Ну, думаю, сейчас нас должны отпустить — пограничники не могли не видеть, что мы обычные студенты-балбесы. Глядишь, и до города подбросят, жаль только, что горам придётся «сделать ручкой». Однако майор не торопился и, внимательно изучив мою писанину, спросил, есть ли какое-нибудь удостоверение личности. Нет, отвечаю, только пропуска в гостиницу «Турист» с указанием имени и фамилии. Потом он начал расспрашивать, на каком курсе я учусь, на каком факультете, что изучаю, как добирался до Ашхабада, встречался ли с кем-нибудь по дороге сюда, и кто нас знает в тургруппе. После этого, попросив вооружённого дежурного присмотреть за мной, куда-то вышел. Я уныло уставился в окно.
Через полчаса майор вернулся:
— Вставайте, следуйте за мной.
Он вывел меня на улицу, там уже ждали двое автоматчиков.
— Сейчас мы с Вами доедем до вашей гостиницы, — объяснил майор.
Ну, наконец-то, слава Богу, домой.

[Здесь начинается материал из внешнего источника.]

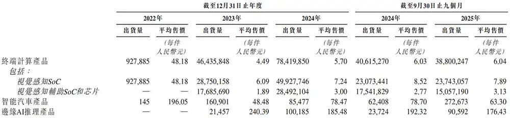 2022年至2025年9月底,爱芯元智有超8成的收入来自终端计算产品(包括视觉感知SoC、视觉感知辅助SoC和芯片)。

Только где Ринат? Не может быть, чтобы отпускали только меня одного.
Сказав что-то автоматчикам, майор вернулся в помещение. Пограничники, встав рядом, закурили, обмахиваясь форменными панамами защитного цвета с широкими полями, солнышко к тому времени уже палило вовсю.
Рядом ходил туда-сюда ещё один солдатик, оружия при нём не было. Подойдя, он издевательски обратился ко мне:
— Ну, что, чухлики, где попались?
Я, смерив его взглядом, отвернулся, — общаться с ним не хотелось. Он понял это и, нагло ухмыльнувшись, почему-то запел: «Папа у Васи силён в математике, учится папа за Васю весь год…»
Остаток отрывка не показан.